What might that releasing stimulus have been? Like many others, I am almost sure that it was the invention of language. We must bear in mind here that by the time Homo sapiens came on the scene the peripheral equipment that allows articulate speech bad been around for several hundred thousand years, having emerged initially for other purposes entirely. The archaeological record is but a dim record of the full panoply of behaviors of any early hominid, but if it shows us anything at all it is the starkness of the contrast between the torrential outpouring of symbolic behaviors by the Cro-Magnons and the essentially symbol-free behaviors of their predecessors. The fundamental innovation that we see with the Cro-Magnons, underwriting all their varied achievements, is that of symbolic thought, with which language is virtually synonymous. Like thought, language involves forming and manipulating symbols in the mind, and our capacity for symbolic reasoning is virtually inconceivable in its absence. Imagination and creativity are part of the same process, for only when we create mental symbols can we combine them in new ways and ask "What if?" Nonverbal intuitive reasoning can, of course, take one a long way (recall the toolmaking experiment); and indeed, we can probably look upon the considerable achievements of the Neanderthals as the ultimate example of what intuition can do; but it is almost certainly symbolic thought that, above all, differentiates us from them–and from every other hominid, indeed every other organism, that has ever existed. For it is surely symbolic reasoning that makes consciousness as we know it possible, given that only by symbolically recreating the world in our minds can we objectify not only ourselves but our own positions in that world.

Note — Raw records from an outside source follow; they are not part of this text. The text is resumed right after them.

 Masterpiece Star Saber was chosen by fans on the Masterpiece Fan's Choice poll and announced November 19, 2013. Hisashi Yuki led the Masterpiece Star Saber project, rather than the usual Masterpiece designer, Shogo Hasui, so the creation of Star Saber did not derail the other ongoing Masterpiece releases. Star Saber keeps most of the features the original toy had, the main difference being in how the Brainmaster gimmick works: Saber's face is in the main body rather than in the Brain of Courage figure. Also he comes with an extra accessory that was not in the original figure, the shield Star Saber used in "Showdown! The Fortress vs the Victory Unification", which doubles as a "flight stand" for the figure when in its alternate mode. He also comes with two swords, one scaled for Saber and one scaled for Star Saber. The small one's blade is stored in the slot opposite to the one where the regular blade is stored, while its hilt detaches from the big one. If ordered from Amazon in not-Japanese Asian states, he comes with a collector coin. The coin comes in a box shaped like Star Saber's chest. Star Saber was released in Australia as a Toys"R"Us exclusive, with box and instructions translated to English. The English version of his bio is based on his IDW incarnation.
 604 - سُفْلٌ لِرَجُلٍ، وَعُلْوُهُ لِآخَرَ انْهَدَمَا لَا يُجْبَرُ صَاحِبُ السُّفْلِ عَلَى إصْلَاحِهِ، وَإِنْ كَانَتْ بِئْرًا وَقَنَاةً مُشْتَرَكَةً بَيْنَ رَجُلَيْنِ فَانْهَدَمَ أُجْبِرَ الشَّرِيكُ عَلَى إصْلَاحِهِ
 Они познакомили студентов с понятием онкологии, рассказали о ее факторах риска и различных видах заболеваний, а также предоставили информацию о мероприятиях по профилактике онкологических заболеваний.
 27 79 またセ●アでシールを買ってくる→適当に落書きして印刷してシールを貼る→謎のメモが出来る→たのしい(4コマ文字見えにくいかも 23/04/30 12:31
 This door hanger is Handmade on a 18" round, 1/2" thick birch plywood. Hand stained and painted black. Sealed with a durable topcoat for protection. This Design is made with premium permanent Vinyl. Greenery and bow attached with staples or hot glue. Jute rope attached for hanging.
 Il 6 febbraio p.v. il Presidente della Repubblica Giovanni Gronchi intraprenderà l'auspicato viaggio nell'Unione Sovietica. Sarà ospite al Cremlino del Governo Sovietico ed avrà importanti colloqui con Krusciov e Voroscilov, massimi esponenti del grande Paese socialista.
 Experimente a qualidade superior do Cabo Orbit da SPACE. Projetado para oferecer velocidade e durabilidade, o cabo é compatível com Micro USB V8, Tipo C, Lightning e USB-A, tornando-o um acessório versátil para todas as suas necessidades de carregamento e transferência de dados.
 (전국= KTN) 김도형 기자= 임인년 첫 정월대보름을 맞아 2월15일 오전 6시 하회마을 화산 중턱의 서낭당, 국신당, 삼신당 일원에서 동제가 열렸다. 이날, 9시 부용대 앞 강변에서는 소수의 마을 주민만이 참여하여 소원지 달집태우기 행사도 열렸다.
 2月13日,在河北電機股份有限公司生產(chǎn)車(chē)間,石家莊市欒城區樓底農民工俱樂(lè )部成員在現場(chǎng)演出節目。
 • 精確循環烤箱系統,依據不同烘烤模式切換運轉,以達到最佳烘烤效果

The strong signal from the behavior record, then, is that our ac quisition of the human capacity was a recent, and emergent, happening. Much as paleoanthropologists like to think of our evolution as a linear affair, a gradual progress from primitiveness to perfection, this received wisdom is clearly in error. We are not simply the inevitable result of a remorseless process of fine-tuning over the eons, any more than we are the summit of creation. For all of our remarkable–and recently acquired–cognitive attributes, we are but one of numerous evolutionary experiments spawned by our diverse family Hominidae. Yes, there has been an overall trend within Hominidae toward an increase in relative brain size over the past 2 million years or so, suggesting that there is something about being hominid (or at least a member of Homo) that predisposes to this trend. And yes, it is unquestionably the unique cognitive features resulting from our own particular experiment that account for the fact that we are the lone hominid in the world today, as for so much else. But we risk deceiving ourselves if we try to link such observations too closely. The archaeological record of human behavioral evolution shows clearly that the human capacity, whatever the neural mechanisms and cultural stimuli underlying it, is the end result of a long and untidy history of sporadic accretion. More significantly, however, it powerfully suggests that the final acquisition of this remarkable capacity was not simply a gradual extrapolation of what had gone before. Instead, this event of events was a sudden and emergent one–whose roots, perhaps ironically, were firmly embedded in the prosaic evolutionary phenomenon of exaptation.

I. Tattersall, The Origin of the Human Capacity, Sixty-eighth James Arthur Lecture on the Evolution of the Human Brain 1998 (New York: American Museum of Natural History, 1998), pp. 1-3, 23-25.